病院やクリニックの採用担当者が、数ある応募書類の中からあなたを選ぶかどうかは、以下の3点が明確に書かれているかどうかにかかっています。

1. 「なぜ当院なのか」という独自の理由

「地域医療に貢献したい」「患者様に寄り添いたい」といった理由は立派ですが、どの病院でも通用する内容になりがちです。

その病院が**「急性期」なのか「療養型」なのか、あるいは「特定の疾患に強い」のか**。病院ごとの機能や理念(Webサイトの「院長挨拶」や「理念」ページは必読です)をリサーチし、その特徴に共感したことを伝える必要があります。

2. 即戦力となる「経験・スキル」または「適性」

医療現場はチームプレーです。

  • 経験者の場合: これまでの実務経験が、その病院でどう活かせるか(例:循環器の経験を活かして救急対応に貢献したい)。
  • 未経験者の場合: 前職で培った「接遇スキル(患者対応)」や「事務処理能力(正確性)」など、医療現場でも通じるポータブルスキル。

3. 長く働ける「定着性」と「覚悟」

医療現場は激務になることも多く、早期離職は病院にとって大きなリスクです。「大変なこともあると理解した上で、それでもここで働きたい」という覚悟や、キャリアビジョン(将来どうなりたいか)が見える内容は、安心感を与えます。


【職種別】病院への志望動機 例文集

1. 医療事務・クラーク(未経験から挑戦)

ポイント: 接客経験や事務処理の正確さを、患者様への安心感につなげます。

【例文】

前職ではホテルのフロントスタッフとして3年間、お客様一人ひとりの状況に合わせたきめ細やかな対応を心がけてまいりました。その中で、体調が優れないお客様への対応をした際に感謝のお言葉をいただき、接客スキルを活かして医療の現場で患者様の心の支えになりたいと考えるようになりました。

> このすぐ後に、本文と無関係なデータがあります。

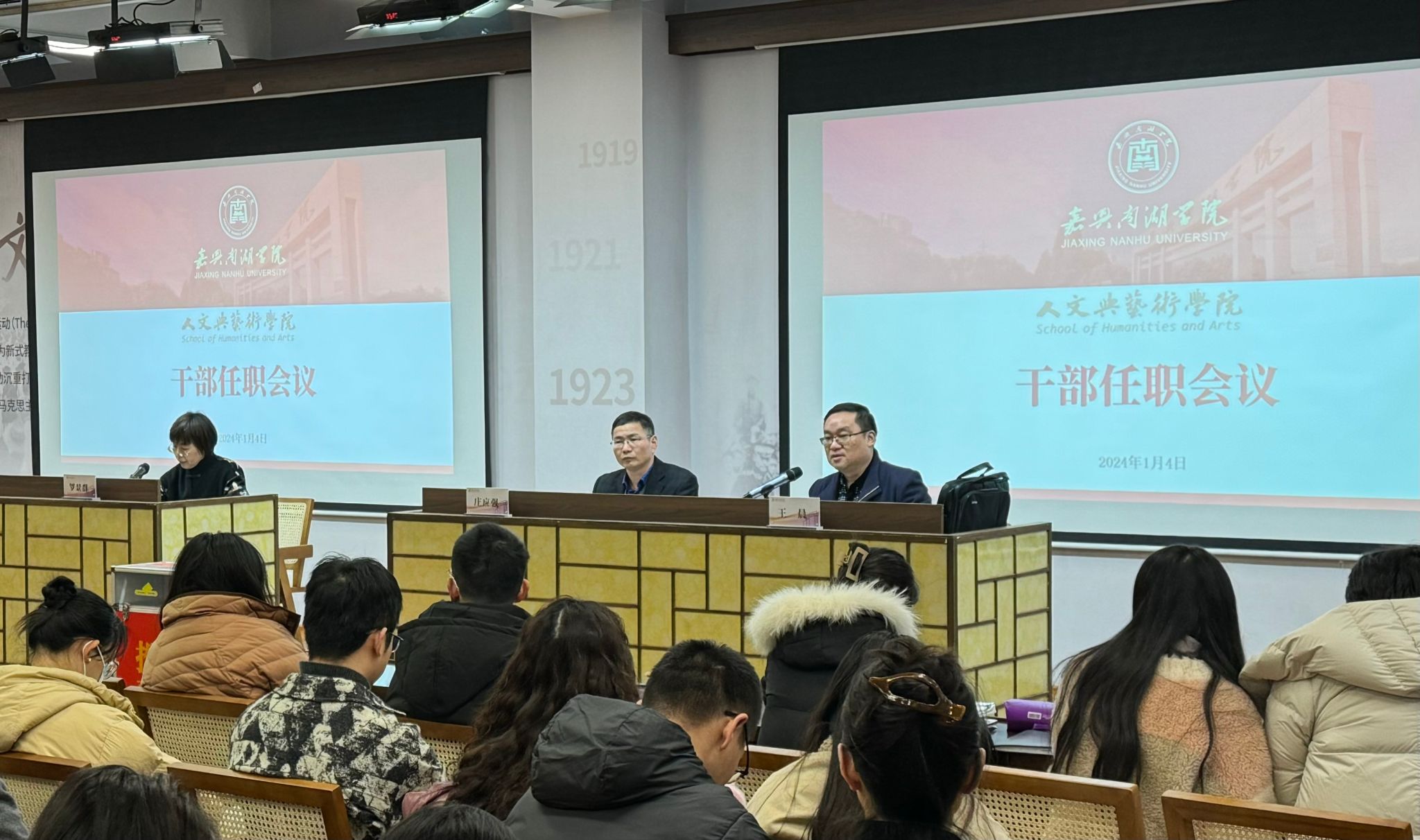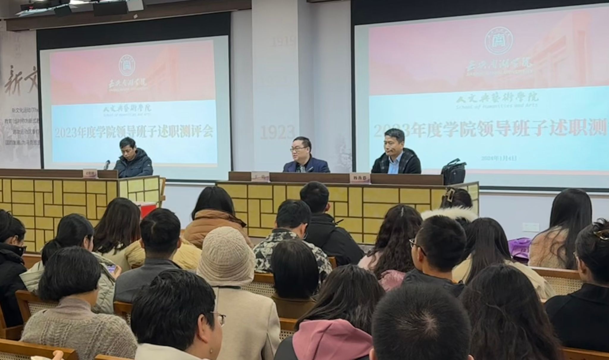 1月4日上午,人文与艺术学院在图书馆一楼报告厅召开干部任职大会暨2023年度领导干部民主测评。校党委委员、组织部部长庄应强,人文与艺术学院领导班子及全体教师参加会议。会议由学院党委书记王晨主持。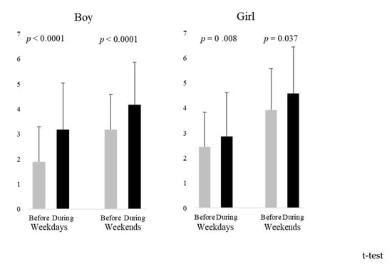 The results of the leisure screen time comparison are shown in Figure 1. Both boys and girls experienced significantly more leisure screen time during the pandemic than before the pandemic, according to the results of the t-test. Leisure screen time on weekends was particularly long, with 4.2 h (SD = 1.7) for boys and 4.6 h (SD = 1.9) for girls.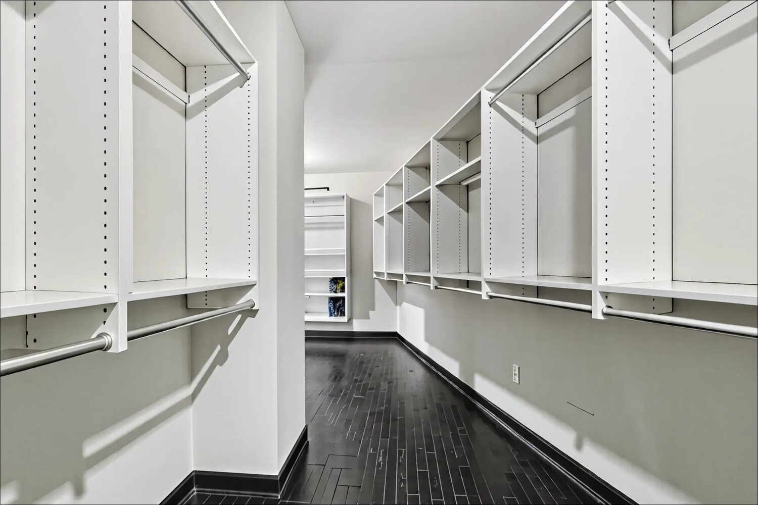 The primary bedroom is generously proportioned, large enough to accommodate a separate seating area or home office. Adjacent to the bedroom is a vast dressing room, ideal for storage and organization. With northeast exposures, the space is flooded with natural light. The spa-like en-suite bathroom showcases marble tiling, a glass-enclosed rainfall shower, and a wide vanity with ample storage. An additional powder room with in-unit washer/dryer adds convenience.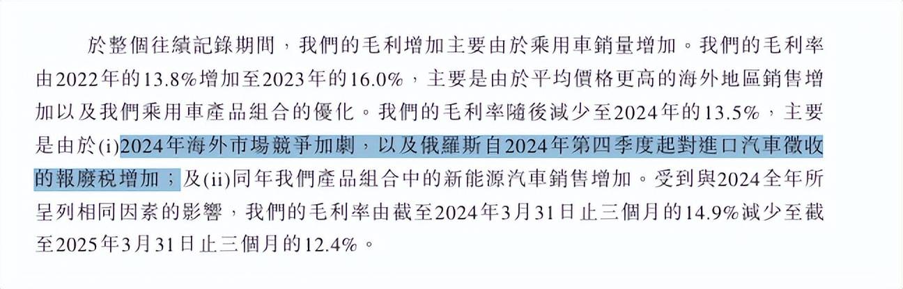 此前,奇瑞汽車在港交所遞交的招股書中表示,奇瑞計劃縮減俄羅斯的業(yè)務(wù)及銷售規(guī)模,降低制裁風(fēng)險,包括逐步縮減在俄羅斯的布局,減少對俄羅斯的銷售;同時,奇瑞還表示,由于2024年第四季度起俄羅斯增加對進(jìn)口汽車的報廢稅,導(dǎo)致毛利率減少。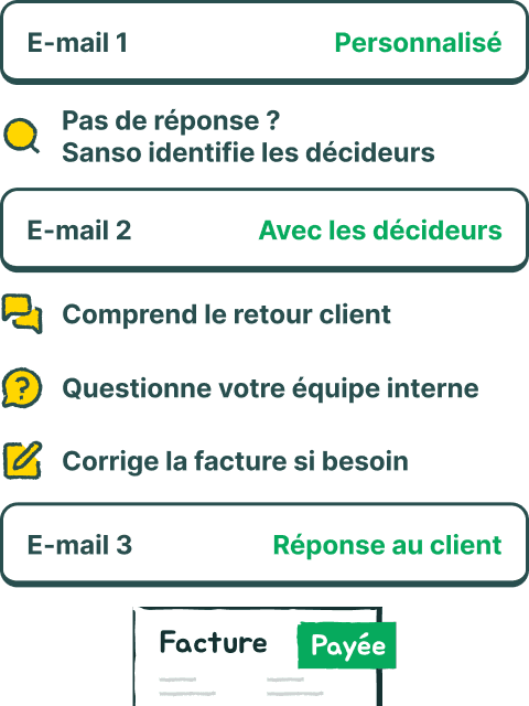 Sanso relance au bon moment, par le bon canal, avec le bon ton. Il se coordonne avec vos équipes, modifie et renvoie la facture si nécessaire.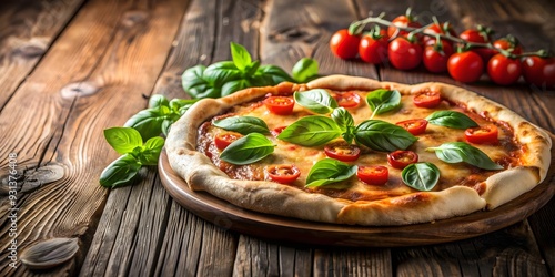 Authentic Italian pizza with fresh basil served on an old rustic wooden table in a restaurant setting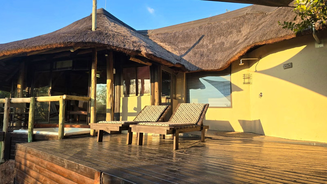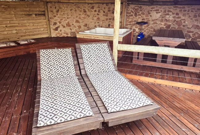 This contemporary bush chalet captures Africa with wide panoramic vistas of the bushveld, cosy-inviting spaces and a pleasant outdoor deck for spectacular sunsets. The chalet has a practical kitchenette and a private braai area, which includes a Weber. The unit can be booked with a jacuzzi at an additional cost. Booking of the private jacuzzi is R750 per day (subject to change without notice). This needs to be booked prior to check in and is subject to availability.

貴院の「地域住民の健康を親身にサポートする」という理念と、患者様への温かい接遇に深く共感しております。未経験ではありますが、前職で培ったホスピタリティと正確な事務処理能力を活かし、患者様が安心して来院できる環境づくりに貢献したいと強く志望しております。

2. 看護師(総合病院から地域密着型病院へ)

ポイント: 「忙しいのが嫌だ」ではなく、「より一人ひとりと向き合いたい」というポジティブな転換が必要です。

【例文】

前職では大学病院の急性期病棟にて5年間勤務し、迅速な処置や重症患者様の全身管理などのスキルを磨いてまいりました。多忙な業務の中でやりがいを感じる一方、退院後の患者様の生活や、慢性疾患を持つ患者様の長期的なケアにもっと深く寄り添いたいという思いが強くなりました。

貴院は地域のかかりつけ医として、患者様との対話を重視した診療を行われており、その方針に惹かれ志望いたしました。急性期で培ったアセスメント能力を活かしつつ、患者様が住み慣れた地域で安心して暮らせるよう、生活に寄り添った看護を提供したいと考えております。

3. 看護助手・看護補助者(異業種から挑戦)

ポイント: 医療資格がなくても、チームの一員として貢献したい意欲と体力をアピールします。

【例文】

以前、家族が入院した際に、看護助手の方が優しく声をかけてくださり、不安な気持ちが和らいだ経験から、私も医療現場を支える仕事がしたいと強く思うようになりました。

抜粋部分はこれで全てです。